### THE RECORDS
----
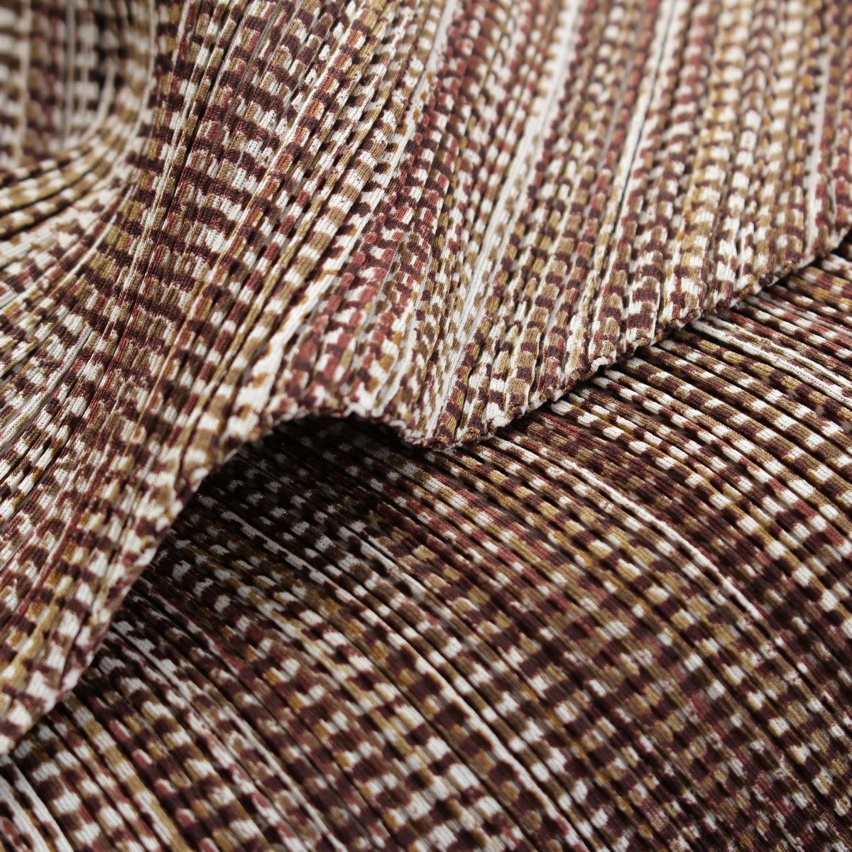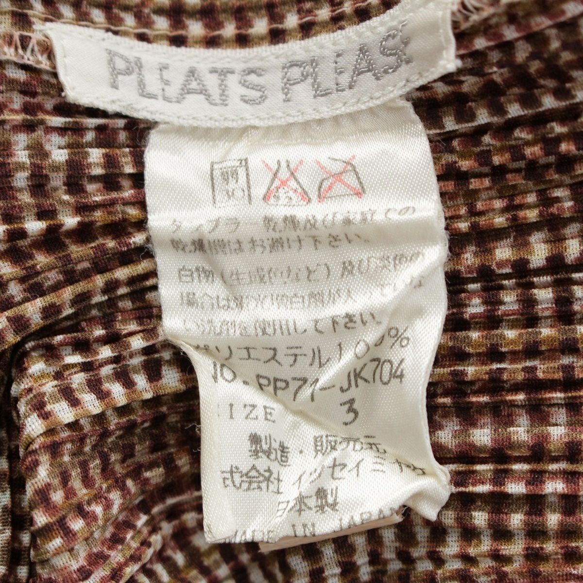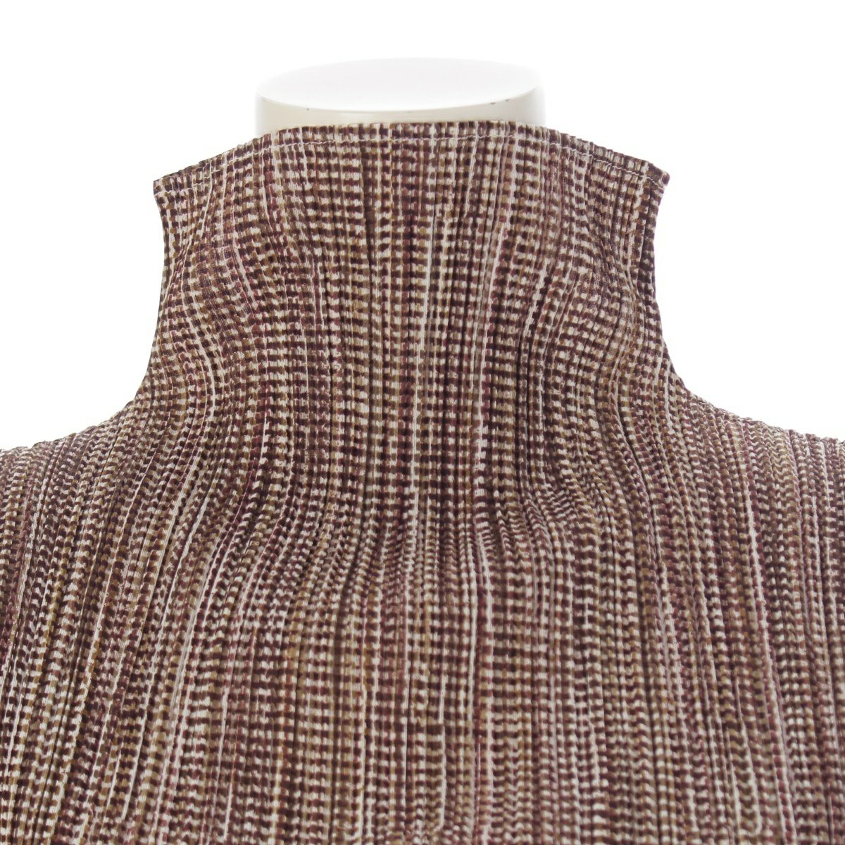 プリーツプリーズ イッセイミヤケ チェック ボトルネック カットソー パンツセットアップ 杢ブラウン系 3
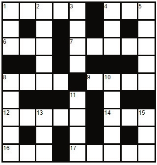 Across 1. Moisten meat with hot fat 4. ___-Tac-Toe 6. Resort 7. Very big 8. Not us 9. Scheme to trick 12. Chew with them 14. Upper limb 16. Round length of wood 17. Sleeping thoughts Down 1. Large passenger vehicle 2. Square or circle 3. Girl’s building toy 4. Sticky black substance 5. Put it in coffee 8. Sum 10. Shipping box 11. Tool house 13. Laid by a bird 15. Mother |
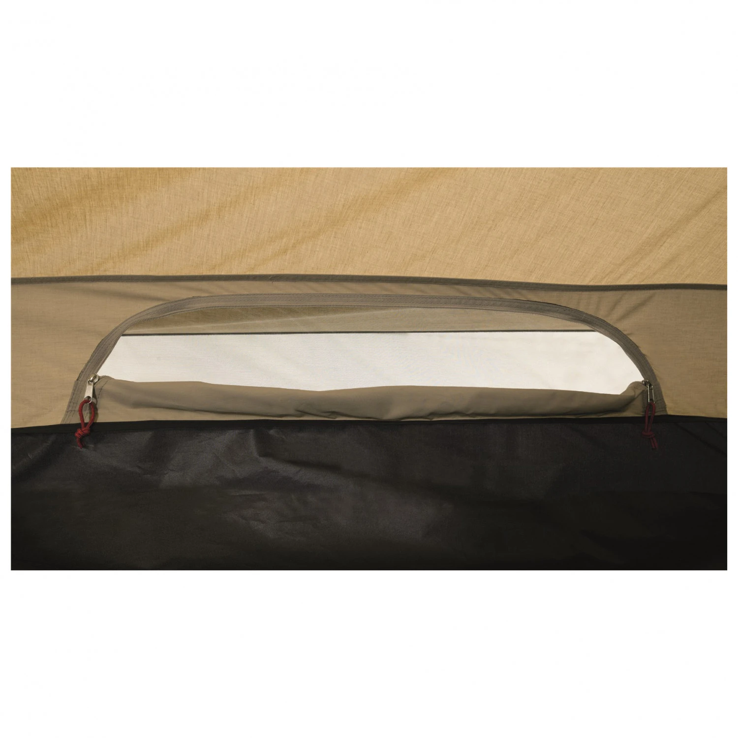 Das einwandige Zelt ist aus dem robusten HydroTex Polycotton Gewebe gefertigt. Das leistungsstarke Mischgewebe aus leichter Polyesterfaser und Baumwolle ist reiß- und abriebfest, wunderbar atmungsaktiv und dank langanhaltender DWR dauerhaft wasserabweisend. Der eingenähte Zeltboden geht über den gesamten Zeltbereich und kommt verfügt über eine Wassersäule von satten 10.000 mm. So bleibt auch hartnäckige Untergrundnässe draußen.
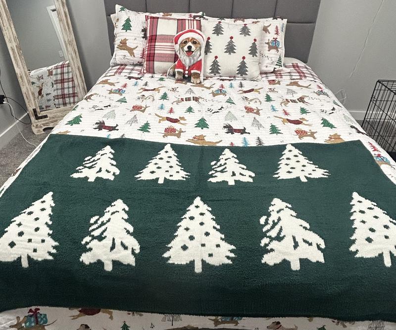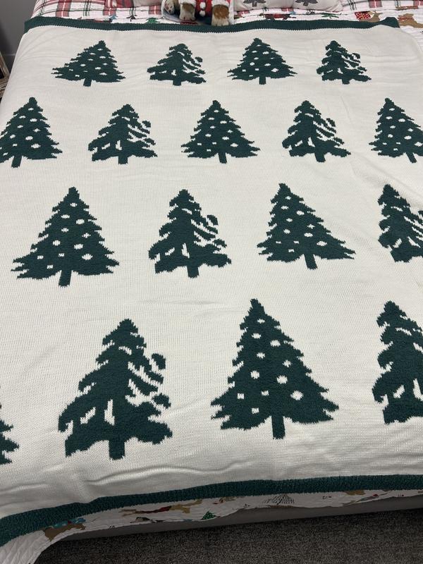 This throw was a great addition to our holiday guest room décor. The knit design is soft and cozy, and the festive pattern ties in beautifully with our puppy Christmas theme. It’s lightweight but warm and looks very nice folded at the end of the bed. Definitely recommend for a cheerful seasonal touch.
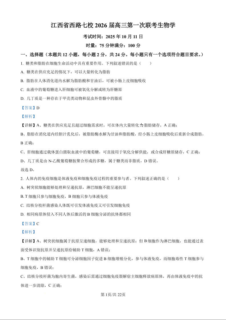 江西省西路七校2026届高三第一次联考 生物答案.docx
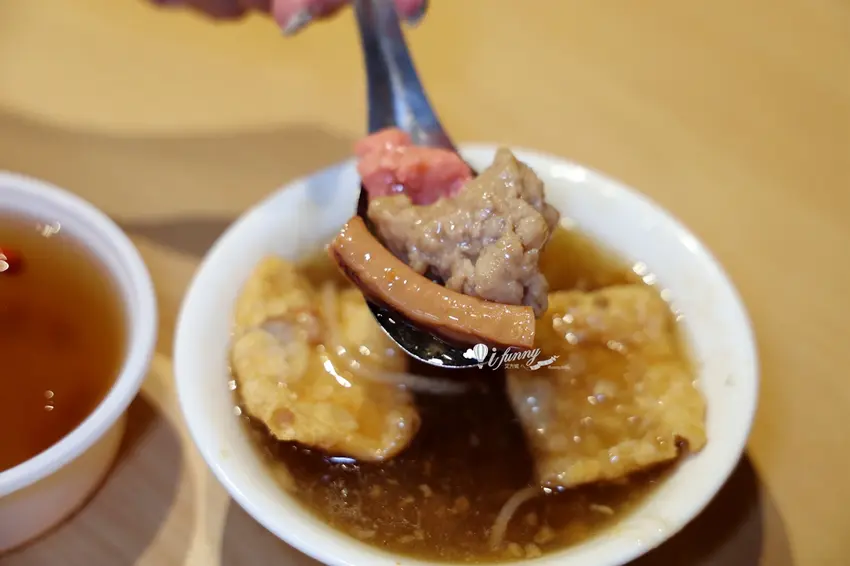 來到這裡,除了肉圓之外,湯品也是不容錯過的配角。「綜合羹」是店內的人氣湯品,一碗就能滿足貪心的味蕾。湯裡匯集了爽脆的魷魚、紮實的肉羹、彈牙的蝦仁以及酥香的魚酥,用料相當實在豐富。羹湯勾芡濃稠度適中,加入了不少筍絲增加口感層次,並帶有濃郁的蒜味提鮮。喝上一口熱騰騰的羹湯,搭配口味較重的肉圓,剛好形成完美的互補,是許多老顧客指名的標準套餐組合。
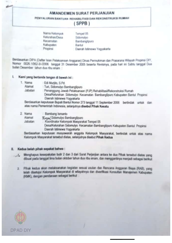 Amandemen Surat Perjanjian Penyaluran Bantuan Rehabilitasi dan Rekonstruksi Rumah (SPPB) Rusak Berat, Nama Kelompok Kraton 16 s.d 18 Desa Mulyodadi, Kecamatan Bambanglipuro, Kabupaten Bantul, Daerah Istimewa Yogyakarta.
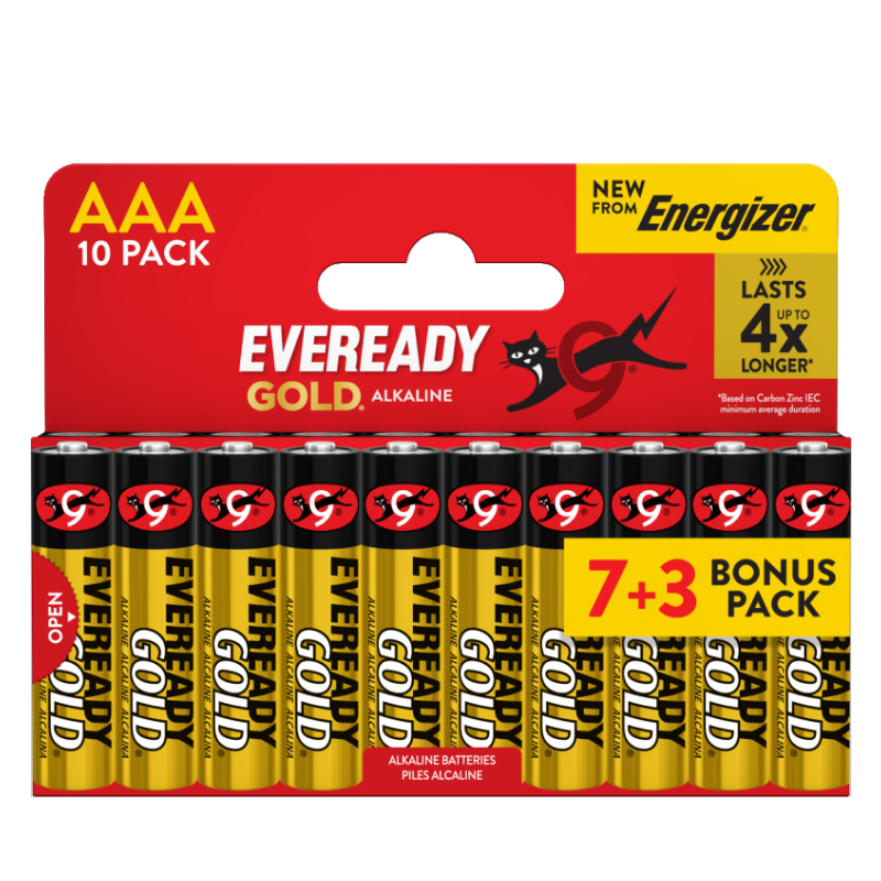 Key Features of Eveready Gold® Batteries: Affordable Power One of the biggest draws of Eveready Gold® batteries is their affordability. Consumers can enjoy reliable battery power without spending too much money, making them a great option for households that need a steady supply of batteries. Long-Lasting Eveready Gold batteries are designed to last even 10x longer than standard zinc-carbon batteries****, providing longer usage times in a range of devices. Moreover, they are ready to use up to 10 years*****! This makes them an excellent option for high-drain devices like toys and portable electronics. Reliable Performance These batteries are designed to deliver consistent and reliable performance throughout their life. Whether you’re using them for low-drain devices like remote controls, clocks, or higher-drain devices like flashlights, portable music players or electronic devices Eveready Gold® batteries can provide dependable power.
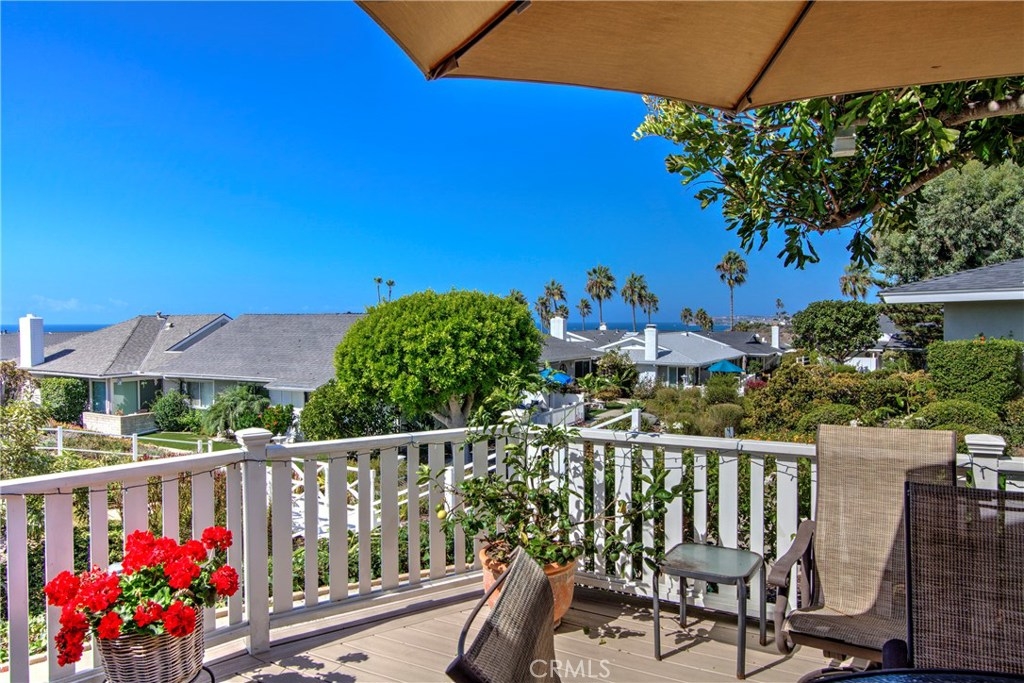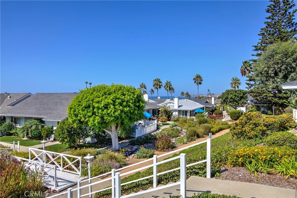 The blues of the pacific ocean, glistening night lights and fiery setting sun are the backdrop for this beautiful remodeled residence. This charming, two bedrooms, two bathrooms plus den home overlooks a lush open area that provides a private picturesque setting. The interior of this home is highlighted by the exceptional open kitchen featuring butcher block island, soft close cabinets and drawers and custom touches. The expansive view oriented deck is perfect for entertaining as well as for one's relaxation. Residents of this 55+ community enjoy a pool, clubhouse open areas and social functions. One block away are beautiful beaches perfect for water sports, leisurely walks or relaxing moments. Minutes to downtown shops, restaurants, beach trail, golf, and Dana Point Harbor
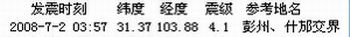 據(jù)四川防震減災(zāi)網(wǎng)顯示,今(2)日03時(shí)57分,四川彭州、什邡交界(31.37 103.88)發(fā)生4.1級(jí)余震。
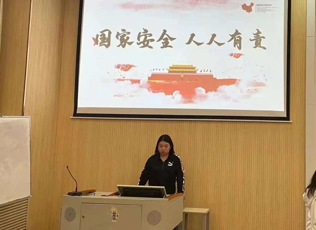 雷诗萌(团委学生兼职副书记):作为当代大学生,我们必须提高自身素质,把促进国家安全和社会稳定的思想教育贯穿到平时的学习、生活及活动中去,我们要加强国家安全相关法律知识学习,牢固树立国家安全意识,筑牢思想防线,树立维护国家安全、保守国家秘密、人人有责的观念。作为学生干部应该起到良好的带头作用,时刻保持警醒状态,增强严格保密意识,依法履行法律义务。我们要将维护国家安全和社会稳定列为首要任务,成为国家安全和社会稳定的自觉维护者。只有将自觉维护国家安全利益转换为自觉行动,愿意为国家安全贡献更多力量,国家安全利益才能得到切实保障。
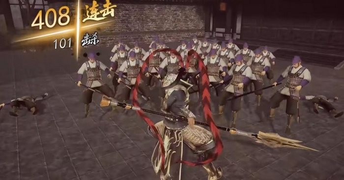 游戏采用全手动操作机制,支持百人同屏战斗,还原主机级打击感与战场沉浸感。核心玩法包含动态连段追击系统——依据敌人硬直状态、距离远近智能触发反击或位移追击;无双技具备多段判定与范围爆发效果,配合灵活闪避与弹反机制,实现攻防一体的高自由度战斗节奏。
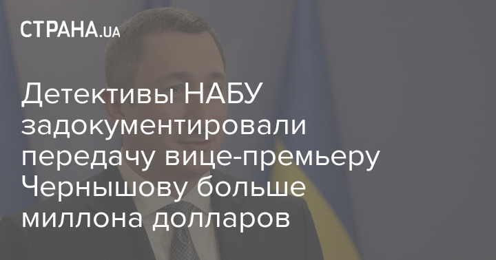 Детективы Национального антикоррупционного бюро Украины задокументировали передачу вице-премьеру Алексею Чернышову и его доверенному лицу более 1,2 млн долларов и почти 100 тысяч евро наличными.
----
### WHAT IS REQUIRED
Write the full listing out again with every line unchanged, but include no pictures.

### EXERCISE SOLUTION
 プリーツプリーズ イッセイミヤケ チェック ボトルネック カットソー パンツセットアップ 杢ブラウン系 3
 Across 1. Moisten meat with hot fat 4. ___-Tac-Toe 6. Resort 7. Very big 8. Not us 9. Scheme to trick 12. Chew with them 14. Upper limb 16. Round length of wood 17. Sleeping thoughts Down 1. Large passenger vehicle 2. Square or circle 3. Girl’s building toy 4. Sticky black substance 5. Put it in coffee 8. Sum 10. Shipping box 11. Tool house 13. Laid by a bird 15. Mother |
 Das einwandige Zelt ist aus dem robusten HydroTex Polycotton Gewebe gefertigt. Das leistungsstarke Mischgewebe aus leichter Polyesterfaser und Baumwolle ist reiß- und abriebfest, wunderbar atmungsaktiv und dank langanhaltender DWR dauerhaft wasserabweisend. Der eingenähte Zeltboden geht über den gesamten Zeltbereich und kommt verfügt über eine Wassersäule von satten 10.000 mm. So bleibt auch hartnäckige Untergrundnässe draußen.
 This throw was a great addition to our holiday guest room décor. The knit design is soft and cozy, and the festive pattern ties in beautifully with our puppy Christmas theme. It’s lightweight but warm and looks very nice folded at the end of the bed. Definitely recommend for a cheerful seasonal touch.
 江西省西路七校2026届高三第一次联考 生物答案.docx
 來到這裡,除了肉圓之外,湯品也是不容錯過的配角。「綜合羹」是店內的人氣湯品,一碗就能滿足貪心的味蕾。湯裡匯集了爽脆的魷魚、紮實的肉羹、彈牙的蝦仁以及酥香的魚酥,用料相當實在豐富。羹湯勾芡濃稠度適中,加入了不少筍絲增加口感層次,並帶有濃郁的蒜味提鮮。喝上一口熱騰騰的羹湯,搭配口味較重的肉圓,剛好形成完美的互補,是許多老顧客指名的標準套餐組合。
 Amandemen Surat Perjanjian Penyaluran Bantuan Rehabilitasi dan Rekonstruksi Rumah (SPPB) Rusak Berat, Nama Kelompok Kraton 16 s.d 18 Desa Mulyodadi, Kecamatan Bambanglipuro, Kabupaten Bantul, Daerah Istimewa Yogyakarta.
 Key Features of Eveready Gold® Batteries: Affordable Power One of the biggest draws of Eveready Gold® batteries is their affordability. Consumers can enjoy reliable battery power without spending too much money, making them a great option for households that need a steady supply of batteries. Long-Lasting Eveready Gold batteries are designed to last even 10x longer than standard zinc-carbon batteries****, providing longer usage times in a range of devices. Moreover, they are ready to use up to 10 years*****! This makes them an excellent option for high-drain devices like toys and portable electronics. Reliable Performance These batteries are designed to deliver consistent and reliable performance throughout their life. Whether you’re using them for low-drain devices like remote controls, clocks, or higher-drain devices like flashlights, portable music players or electronic devices Eveready Gold® batteries can provide dependable power.
 The blues of the pacific ocean, glistening night lights and fiery setting sun are the backdrop for this beautiful remodeled residence. This charming, two bedrooms, two bathrooms plus den home overlooks a lush open area that provides a private picturesque setting. The interior of this home is highlighted by the exceptional open kitchen featuring butcher block island, soft close cabinets and drawers and custom touches. The expansive view oriented deck is perfect for entertaining as well as for one's relaxation. Residents of this 55+ community enjoy a pool, clubhouse open areas and social functions. One block away are beautiful beaches perfect for water sports, leisurely walks or relaxing moments. Minutes to downtown shops, restaurants, beach trail, golf, and Dana Point Harbor
 據(jù)四川防震減災(zāi)網(wǎng)顯示,今(2)日03時(shí)57分,四川彭州、什邡交界(31.37 103.88)發(fā)生4.1級(jí)余震。
 雷诗萌(团委学生兼职副书记):作为当代大学生,我们必须提高自身素质,把促进国家安全和社会稳定的思想教育贯穿到平时的学习、生活及活动中去,我们要加强国家安全相关法律知识学习,牢固树立国家安全意识,筑牢思想防线,树立维护国家安全、保守国家秘密、人人有责的观念。作为学生干部应该起到良好的带头作用,时刻保持警醒状态,增强严格保密意识,依法履行法律义务。我们要将维护国家安全和社会稳定列为首要任务,成为国家安全和社会稳定的自觉维护者。只有将自觉维护国家安全利益转换为自觉行动,愿意为国家安全贡献更多力量,国家安全利益才能得到切实保障。
 游戏采用全手动操作机制,支持百人同屏战斗,还原主机级打击感与战场沉浸感。核心玩法包含动态连段追击系统——依据敌人硬直状态、距离远近智能触发反击或位移追击;无双技具备多段判定与范围爆发效果,配合灵活闪避与弹反机制,实现攻防一体的高自由度战斗节奏。
 Детективы Национального антикоррупционного бюро Украины задокументировали передачу вице-премьеру Алексею Чернышову и его доверенному лицу более 1,2 млн долларов и почти 100 тысяч евро наличными.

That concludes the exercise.